* [WHAT YOU SHOULD DO] In your copy, include every line of the records exactly and no picture at all.

[Excerpts from a dataset]
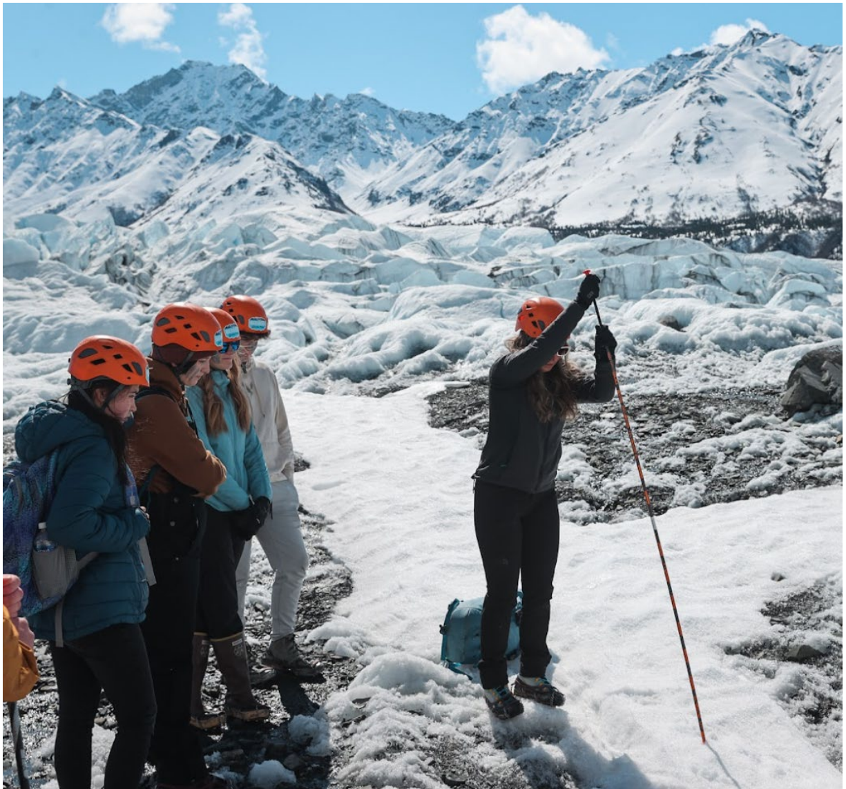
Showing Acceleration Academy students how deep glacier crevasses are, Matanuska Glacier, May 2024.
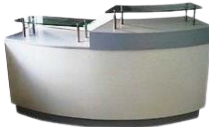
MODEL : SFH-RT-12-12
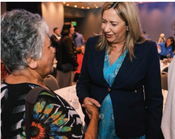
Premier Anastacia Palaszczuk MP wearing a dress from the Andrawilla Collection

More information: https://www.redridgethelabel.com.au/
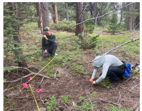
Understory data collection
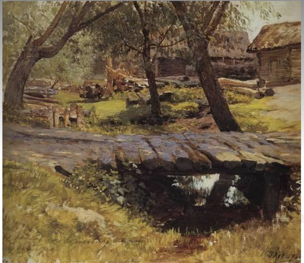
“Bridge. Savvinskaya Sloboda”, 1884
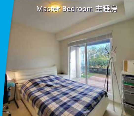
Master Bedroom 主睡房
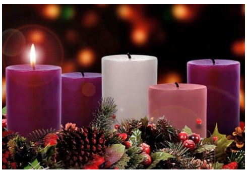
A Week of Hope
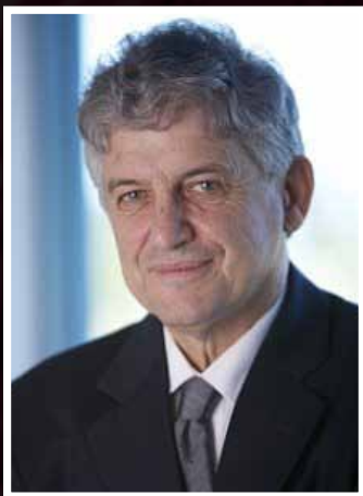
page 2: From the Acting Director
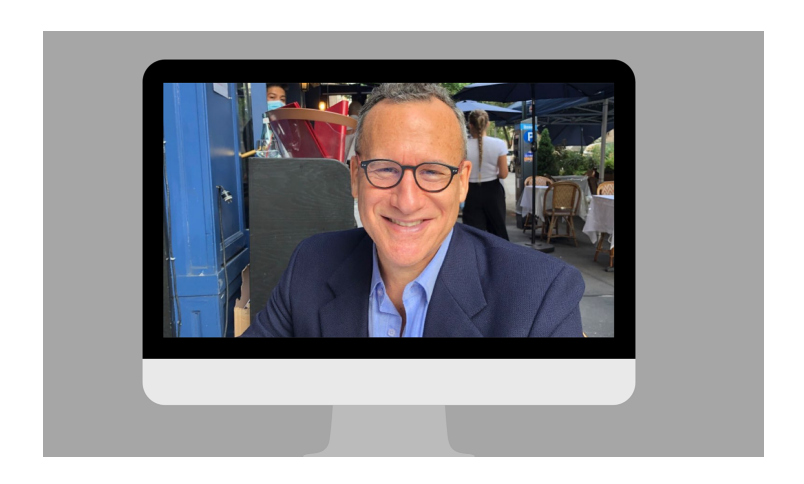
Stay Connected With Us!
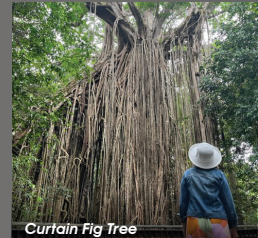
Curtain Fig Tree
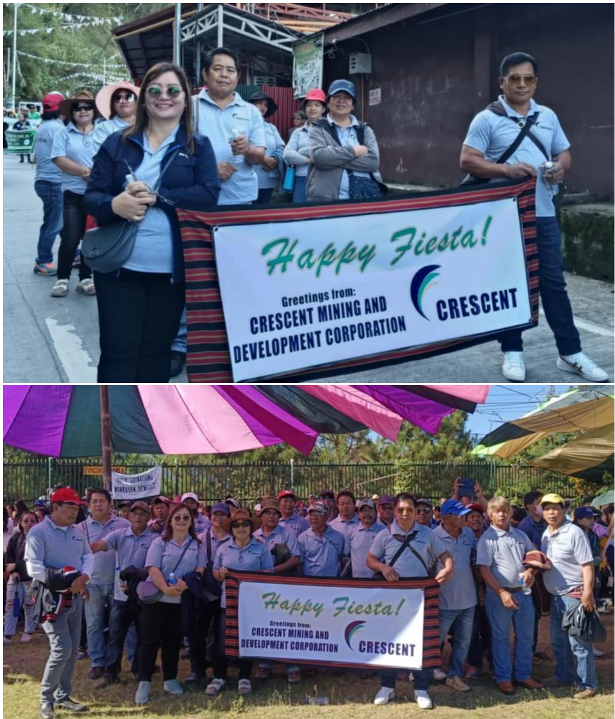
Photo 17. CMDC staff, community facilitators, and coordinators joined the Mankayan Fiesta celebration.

* [FINAL ANSWER]
Showing Acceleration Academy students how deep glacier crevasses are, Matanuska Glacier, May 2024.
MODEL : SFH-RT-12-12
Premier Anastacia Palaszczuk MP wearing a dress from the Andrawilla Collection

More information: https://www.redridgethelabel.com.au/
Understory data collection
“Bridge. Savvinskaya Sloboda”, 1884
Master Bedroom 主睡房
A Week of Hope
page 2: From the Acting Director
Stay Connected With Us!
Curtain Fig Tree
Photo 17. CMDC staff, community facilitators, and coordinators joined the Mankayan Fiesta celebration.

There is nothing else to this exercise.